WHAT THE TASK ASKS: Without any pictures, retype exactly the lines that begin at the one holding "Kühlschrank mit Gefrierfach" and end at the last line of the data below.

COLLECTED MATERIAL:
>>>

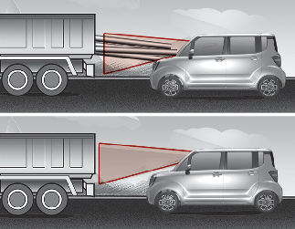전방 차량의 차고가 높거나 적재물이 후면으로 돌출되어 있다면 위험 상황이 발생할 수 있습니다.
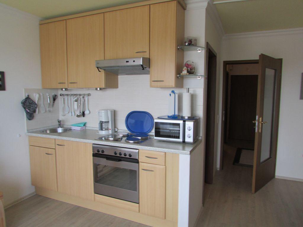 • Küchenzeile: Voll ausgestattet mit Kochfeld, Mikrowelle, Kühlschrank mit Gefrierfach
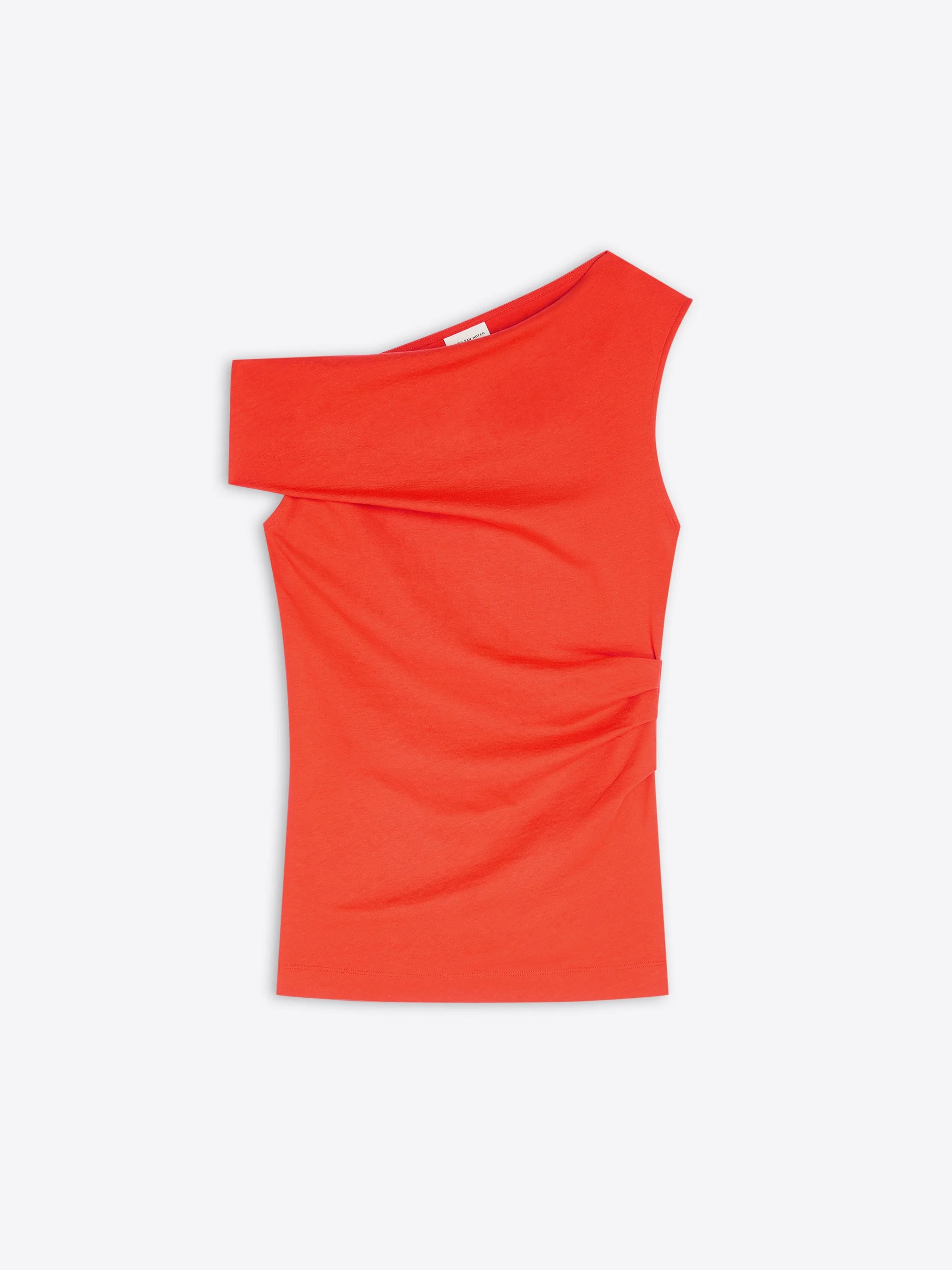 Fitted off-shoulder top in heavyweight cotton jersey, with gathering detail. DETAILS - 100% Heavyweight Cotton. - Regular fit. Off-shoulder. Sleeveless. - Ref: 261-011108-3603 SIZE AND FIT Model is 178 cm / 70 inches and wears size S.
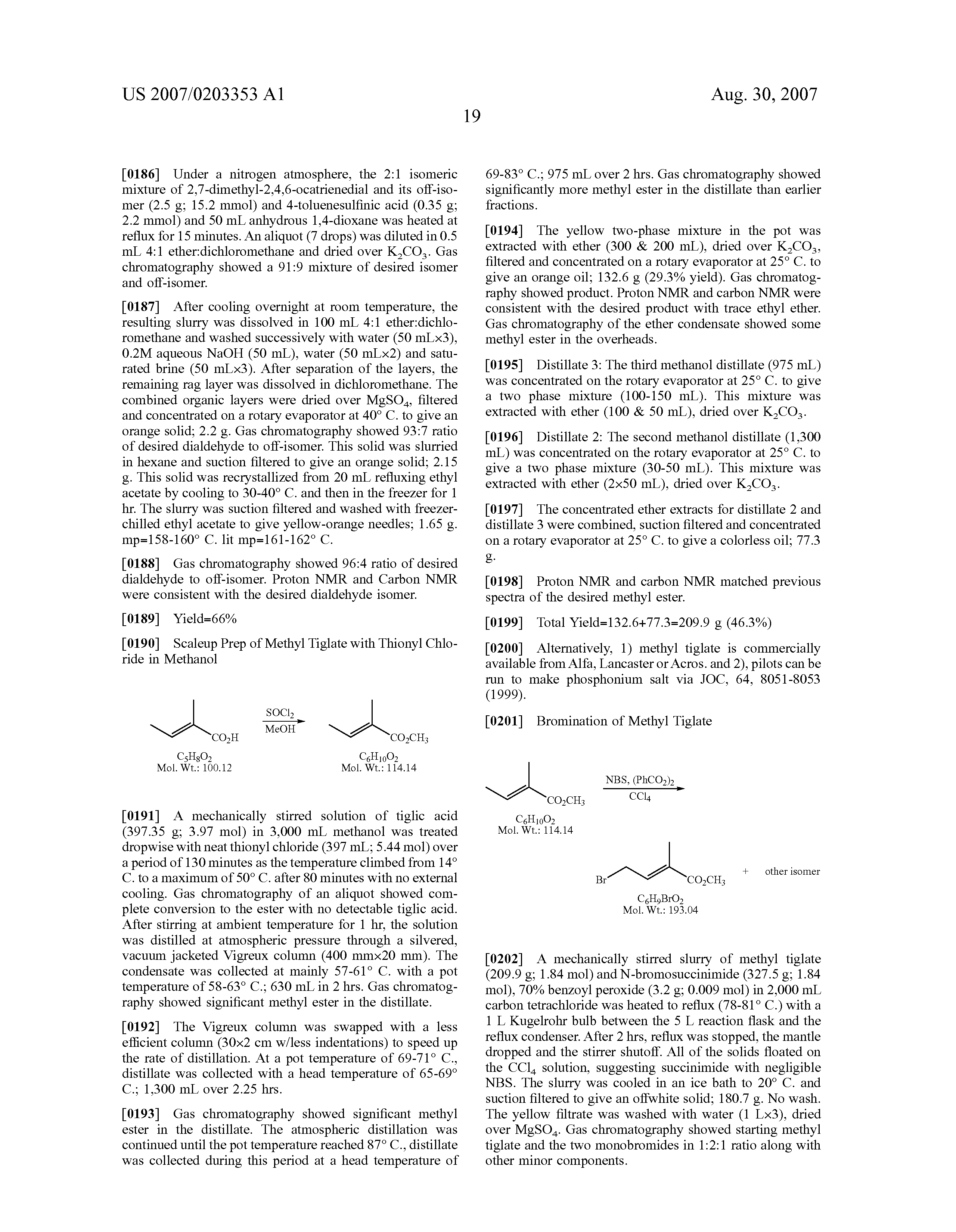 Yield based on starting methyl tiglate=100×322.55/(455.32×1.84×322.6/327.1)=39.0%

<<<

REPLY:
 • Küchenzeile: Voll ausgestattet mit Kochfeld, Mikrowelle, Kühlschrank mit Gefrierfach
 Fitted off-shoulder top in heavyweight cotton jersey, with gathering detail. DETAILS - 100% Heavyweight Cotton. - Regular fit. Off-shoulder. Sleeveless. - Ref: 261-011108-3603 SIZE AND FIT Model is 178 cm / 70 inches and wears size S.
 Yield based on starting methyl tiglate=100×322.55/(455.32×1.84×322.6/327.1)=39.0%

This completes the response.